SageMaker will automatically recognize the training job with the best evaluation metric and load the hyperparameters associated with that training job when we deploy the model. One of the benefits of SageMaker is that we can easily deploy models in a different instance than the instance in which the notebook is running. So we can deploy into a more powerful instance or a less powerful instance.

[ ]:
model_endpoint1 <- tuner1$deploy(initial_instance_count = 1L,
                                   instance_type = 'ml.t2.medium')


The serializer tells SageMaker what format the model expects data to be input in.

[ ]:
model_endpoint1$serializer <- sagemaker$serializers$CSVSerializer(content_type='text/csv')

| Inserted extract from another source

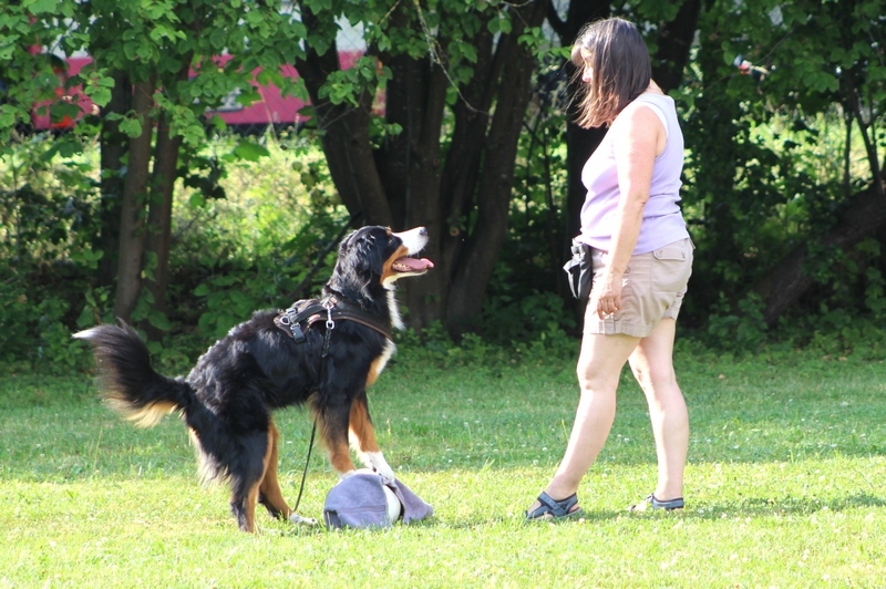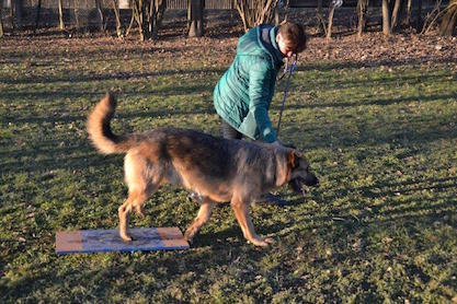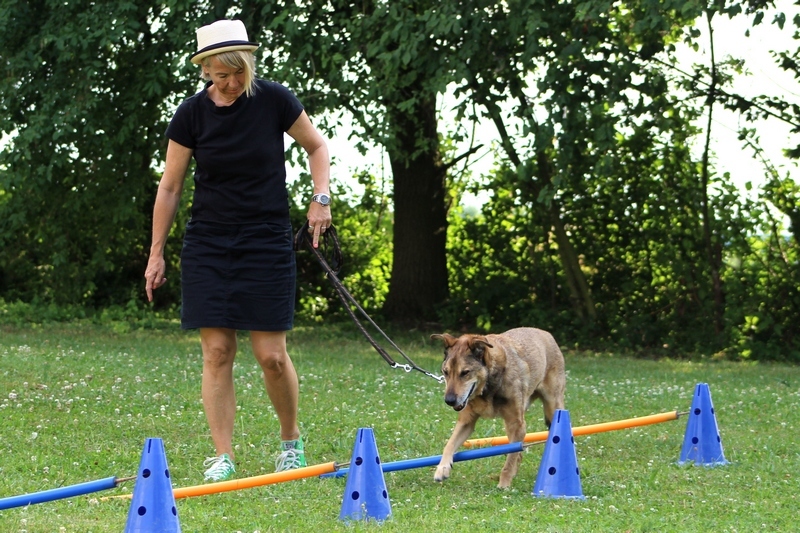 Es ist immer wieder auch für mich ein ganz besonderer Moment, wenn ein Hund das erste Mal eine Übung meistert, die ihn erkennbare Überwindung gekostet hat und sich dabei auf seinen Menschen konzentriert. Dabei kann es sehr unterschiedlich sein, was für den Hund schwierig ist. Traut sich ein Hund nicht auf das Balancekissen, reichen zunächst Berührungen mit der Pfote. Bei dem Mobilitätstraining geht es nie um Schnelligkeit, sondern immer um die saubere und ruhige Ausführung. Da kann es schon einmal ein bisschen länger dauern. Man erkennt Stolz und Freude in den Gesichtern von Mensch und Hund, wenn es klappt. Die gleichzeitige Anwesenheit der anderen Hunde im Parcours ist eine entscheidende, weitere Herausforderung. Die anderen Hunde werden wahrgenommen und dennoch bleibt die Konzentration bei der Übung. Sich den Situationen zu stellen und dennoch seine Aufgabe zu Ende zu bringen, kann dazu führen, dass andere Hunde nicht mehr als Bedrohung empfunden werden. So ganz nebenbei entwickelt sich ein ruhiger und gelassener Umgang mit Herausforderungen aller Art.

We input the iris_test dataset without the labels into the model using the predict function and check its AUC value.

[ ]:
# Prepare the test sample for input into the model
test_sample <- as.matrix(iris_test[-1])
dimnames(test_sample)[[2]] <- NULL

# Predict using the deployed model
predictions_ep <- model_endpoint1$predict(test_sample)
predictions_ep <- stringr::str_split(predictions_ep, pattern = ',', simplify = TRUE)
predictions_ep <- as.numeric(predictions_ep > 0.5)

# Add the predictions to the test dataset.
iris_predictions_ep1 <- dplyr::bind_cols(predicted_flower = predictions_ep,
                      iris_test)
iris_predictions_ep1

# Get the AUC
auc(roc(iris_predictions_ep1$predicted_flower,iris_test$Species))

Create model 2: Linear Learner in SageMaker

Linear models are supervised learning algorithms used for solving either classification or regression problems. For input, you give the model labeled examples (x, y). x is a high-dimensional vector and y is a numeric label. For binary classification problems, the label must be either 0 or 1.

The linear learner algorithm requires a data matrix, with rows representing the observations, and columns representing the dimensions of the features. It also requires an additional column that contains the labels that match the data points. At a minimum, Amazon SageMaker linear learner requires you to specify input and output data locations, and objective type (classification or regression) as arguments. The feature dimension is also required. You can specify additional parameters in the HyperParameters string map of the request body. These parameters control the optimization procedure, or specifics of the objective function that you train on. For example, the number of epochs, regularization, and loss type.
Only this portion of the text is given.